As of September 30, 2023, we held an investment of approximately 0.1 million shares of Syros common stock. The fair market value of our long term investment in Syros as of September 30, 2023 and December 31, 2022 was $0.4 million and $0.3 million, respectively. For the three and nine months ended September 30, 2023, we recorded a unrealized gain of $0.1 million and a nominal unrealized gain, respectively, based on the change in fair value of Syros’ common stock during the respective periods. For the three and nine months ended September 30, 2022, we recorded an unrealized loss of $0.3 million and $2.5 million, respectively, based on the change in fair value of Syros’ common stock during the respective periods.
MorphoSys
In January 2020, we entered into a Collaboration and License Agreement with MorphoSys AG and MorphoSys US Inc., a wholly-owned subsidiary of MorphoSys AG (together with MorphoSys AG, “MorphoSys”), covering the worldwide development and commercialization of MOR208 (tafasitamab), an investigational Fc engineered monoclonal antibody directed against the target molecule CD19 that was under clinical development by MorphoSys at the beginning of the agreement, and has subsequently been commercialized as MONJUVI/MINJUVI. MorphoSys has exclusive worldwide development and commercialization rights to tafasitamab under a June 2010 collaboration and license agreement with Xencor, Inc.
Under the terms of the agreement, we received exclusive commercialization rights outside of the United States, and MorphoSys and we have co-commercialization rights in the United States, with respect to tafasitamab. MorphoSys is responsible for leading the commercialization strategy and booking all revenue from sales of tafasitamab in the United States, and we and MorphoSys are both responsible for commercialization efforts in the United States and will share equally the profits and losses from the co-commercialization efforts. We will lead the commercialization strategy outside of the United States, and will be responsible for commercialization efforts and book all revenue from sales of tafasitamab outside of the United States, subject to our royalty payment obligations set forth below. We and MorphoSys have agreed to co-develop tafasitamab and to share development costs associated with global and U.S.-specific clinical trials, with Incyte responsible for 55% of such costs and MorphoSys responsible for 45% of such costs. Each company is responsible for funding any independent development activities, and we are responsible for funding development activities specific to territories outside of the United States. All development costs related to the collaboration are subject to a joint development plan.
MorphoSys is eligible to receive up to $737.5 million in future contingent development and regulatory milestones and up to $315.0 million in commercialization milestones as well as tiered royalties ranging from the mid-teens to mid-twenties of net sales outside of the United States. MorphoSys’ right to receive royalties in any particular country will expire upon the last to occur of (a) the expiration of patent rights in that particular country, (b) a specified period of time after the first post-marketing authorization sale of a licensed product comprising tafasitamab in that country, and (c) the expiration of any regulatory exclusivity for that licensed product in that country. Since the inception of the agreement through September 30, 2023, we have paid MorphoSys milestones totaling $2.5 million, all of which have previously been recorded as research and development expenses.

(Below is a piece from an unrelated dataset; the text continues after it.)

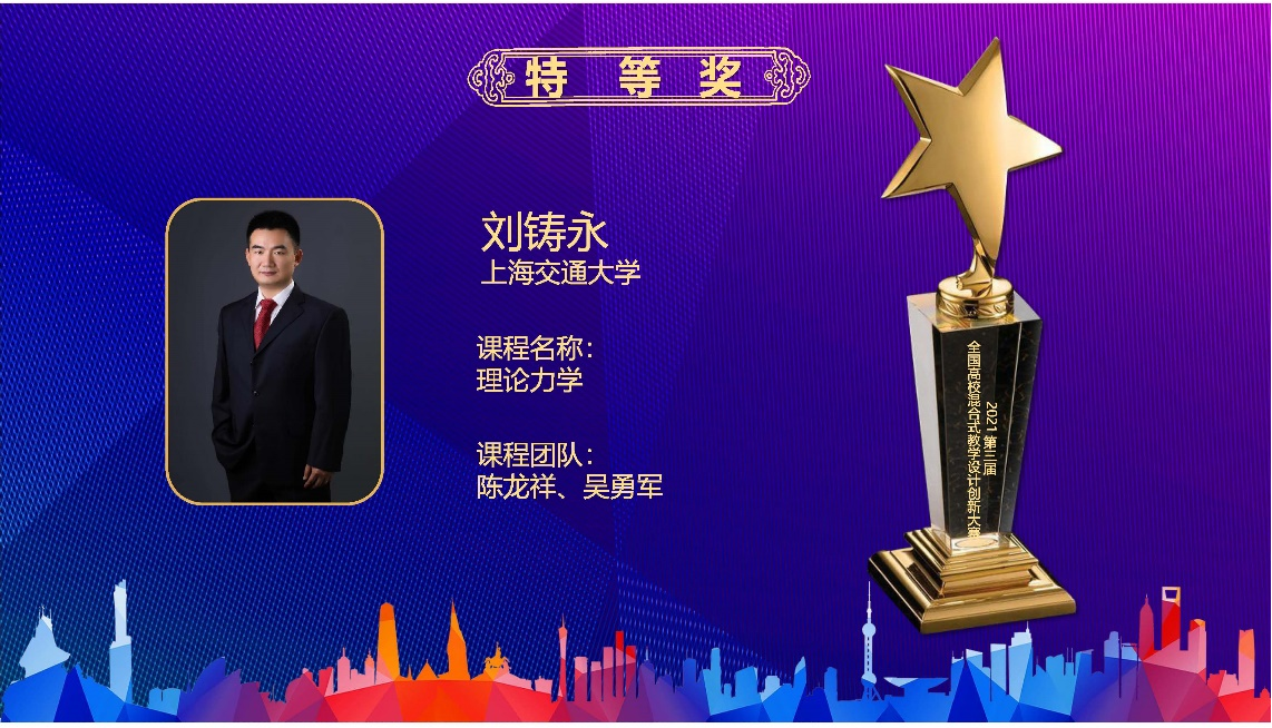 12月3日,2021年第三届全国高校混合式教学设计创新大赛颁奖典礼在线举行,船建51风流 工程力学系教师刘铸永发挥出色,荣获特等奖。

As of September 30, 2023, we held an investment of approximately 3.6 million American Depository Shares, each representing 0.25 of an ordinary share of MorphoSys AG. The fair market value of our long term investment in MorphoSys AG as of September 30, 2023 and December 31, 2022 was $24.4 million and $13.0 million, respectively. For the three and nine months ended September 30, 2023, we recorded an unrealized loss of $2.7 million and an unrealized gain of $11.4 million, respectively, based on the change in fair value of MorphoSys AG's ordinary shares during the respective periods. For the three and nine months ended September 30, 2022, we recorded an unrealized gain of $0.8 million and an unrealized loss of $15.9 million, respectively, based on the change in fair value of MorphoSys AG's ordinary shares during the respective periods.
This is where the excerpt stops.